▸ **COLLECTED DATA**:
# # # # # # #
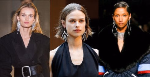 Những chiếc bông tai lấp lánh được đính từ nhiều hạt pha lê cao cấp xuất hiện với tần suất dày đặc trên sàn diễn của các nhà mốt lớn bao gồm: Philosophy di Lorenzo Serafini, Ellery, Oscar de al Renta, Saint Laurent, Isabel Marant, Céline, Miu Miu.
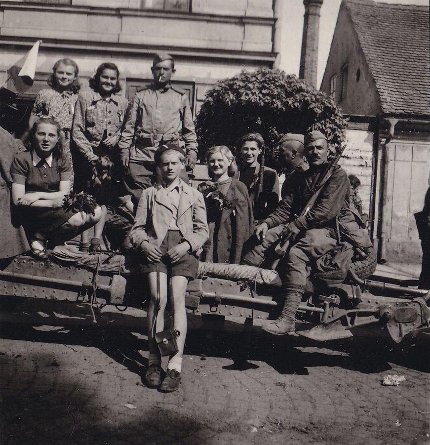 „Já jsem šla a kolem mě jezdily německá auta. Nad nimi jsem poprvé viděla helikoptéru. Říkám: ‚Bože, co se děje?‘ A potom mi taťka říkal: ‚No jo, to jel do Velichovek Ferdinand Schörner.‘ A potom, když byl konec války, tak jsem šla zase ze školy a zase kolem mě jezdily auťáky směrem na Velichovky. Jely kolem nás, já jsem se koukala a říkám si: ‚Pro Krista Pána, co je tohle zase za národ?‘ Měli takové hnědé uniformy, jiné čepice, a mávali na mě. Pak přišel taťka a říkal, že to byli Američani, co jeli zatknout generála Schörnera do Lázní Velichovek. Ale on už tam, potvora, nebyl.“
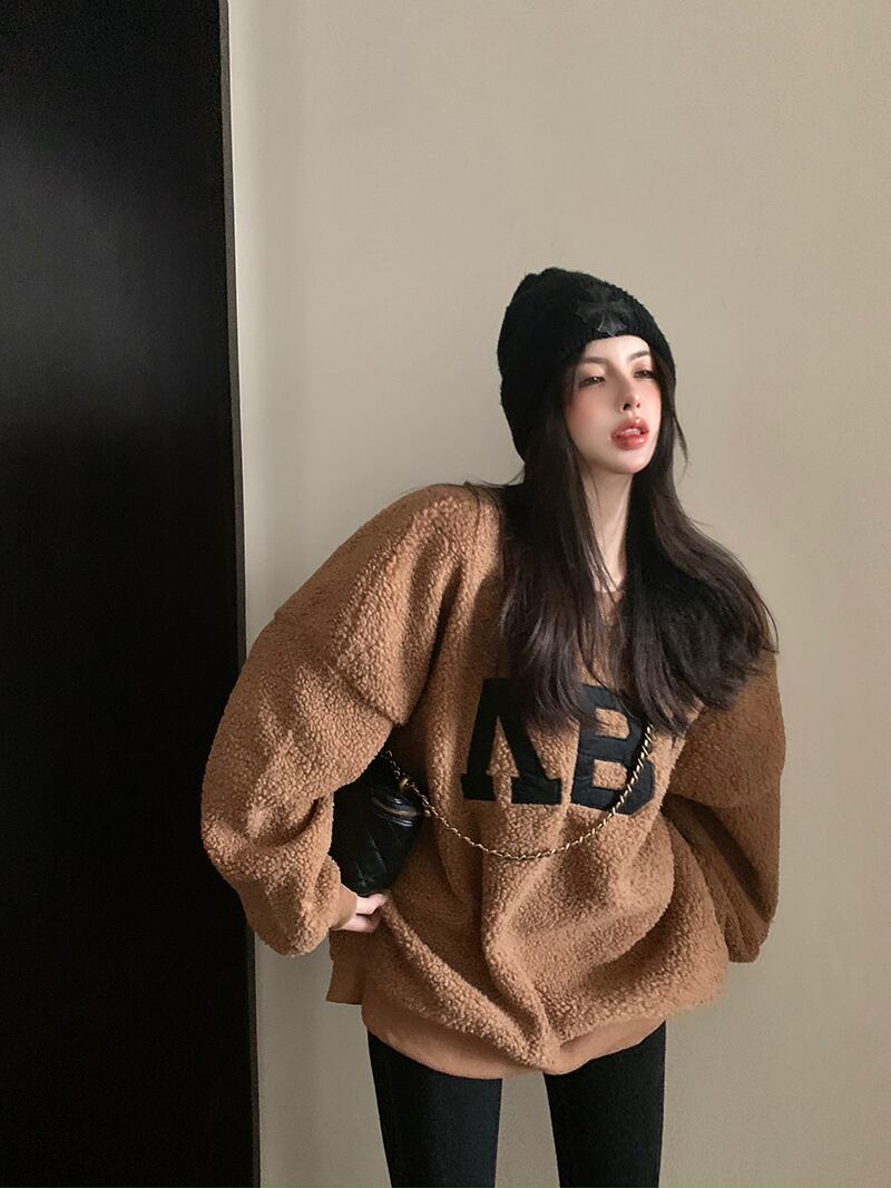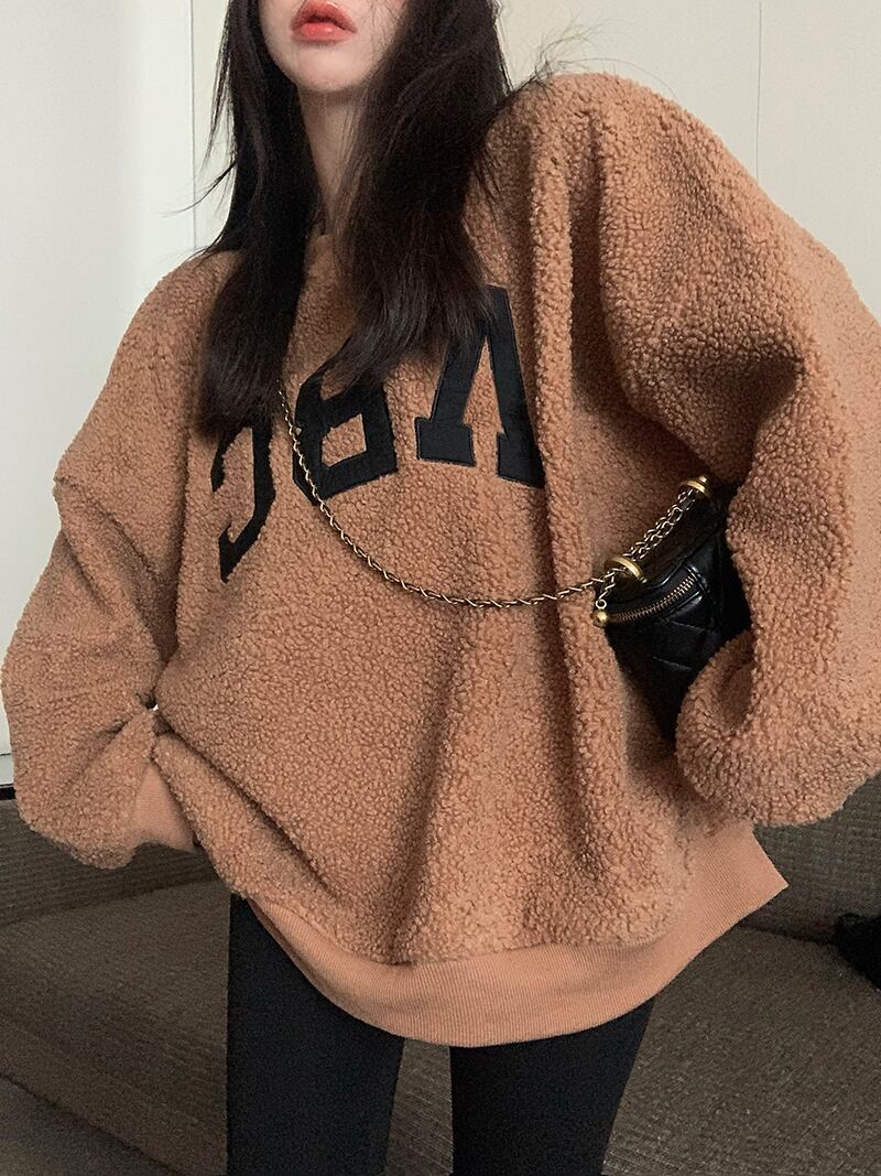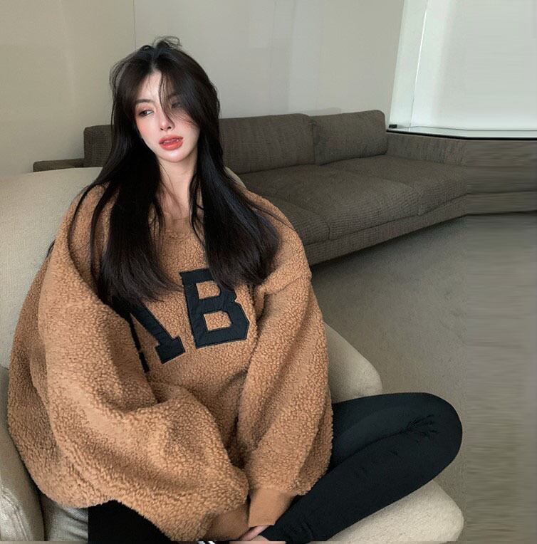 フードセーター ウィンターベルベットウールコート ルーズブラウス 冬物 Xiaofeijia35971134554
# # # # # # #
▸ **EXERCISE AIM**: Please set down each line of the listing above word for word, skipping any pictures.

▸ **COMPLETED TASK**:
 Những chiếc bông tai lấp lánh được đính từ nhiều hạt pha lê cao cấp xuất hiện với tần suất dày đặc trên sàn diễn của các nhà mốt lớn bao gồm: Philosophy di Lorenzo Serafini, Ellery, Oscar de al Renta, Saint Laurent, Isabel Marant, Céline, Miu Miu.
 „Já jsem šla a kolem mě jezdily německá auta. Nad nimi jsem poprvé viděla helikoptéru. Říkám: ‚Bože, co se děje?‘ A potom mi taťka říkal: ‚No jo, to jel do Velichovek Ferdinand Schörner.‘ A potom, když byl konec války, tak jsem šla zase ze školy a zase kolem mě jezdily auťáky směrem na Velichovky. Jely kolem nás, já jsem se koukala a říkám si: ‚Pro Krista Pána, co je tohle zase za národ?‘ Měli takové hnědé uniformy, jiné čepice, a mávali na mě. Pak přišel taťka a říkal, že to byli Američani, co jeli zatknout generála Schörnera do Lázní Velichovek. Ale on už tam, potvora, nebyl.“
 フードセーター ウィンターベルベットウールコート ルーズブラウス 冬物 Xiaofeijia35971134554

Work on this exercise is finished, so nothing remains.